Ri = 2; a[ i ] = i++;
R... then I claim that a[ i ] will be either a[ 2 ] or a[ 3 ],
Rdepending on whether i++ gets evaluated first or last, but it
Rmust be either one or the other.
RWrong?
Wrong. a[i] = i++; is explicitly undefined behavior; you've been
pointed at the FAQ entry that explains this in detail, so it's not
worth going into here. As soon as you write a[i] = i++; the compiler
is free to do whatever it wants with the rest of your program. It
could decide to fill the entire a array with junk, or halt because it
detected undefined behavior at runtime.
And seriously, even if it were somewhat defined, and you knew that
that statement wound up being at least one of the following, depending
on quirks of the compiler --
a[2] = 3;
a[3] = 3;
a[2] = 2;
-- why not just write the one you want?
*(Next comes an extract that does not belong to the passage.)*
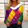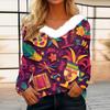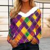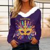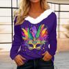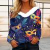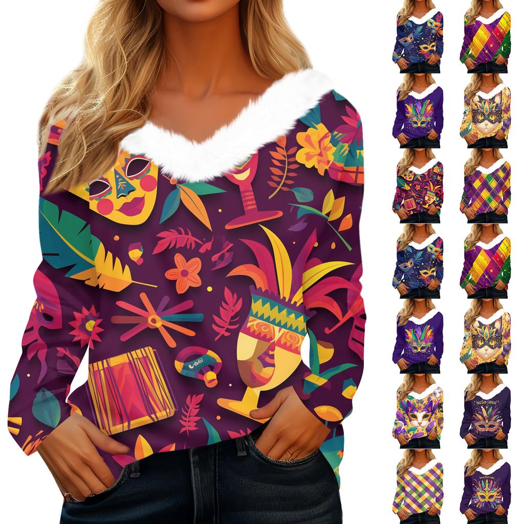 Dámský volný ležérní top s dlouhým rukávem a potiskem, plyšový límec ve tvaru V, top s dlouhým rukávem — koupit online v obchodě na marketplace Joom

That way it will produce the
same results on all compilers, which is the point of a portable
programming language. a[i] = i+1; is *much* clearer, and has the
significant advantage of only one plausible interpretation.
The expression a[i] = i++ clearly *intends* to do two different
things; it modifies an element of the array a, and it increments i.
None of your proposed replacements modify i.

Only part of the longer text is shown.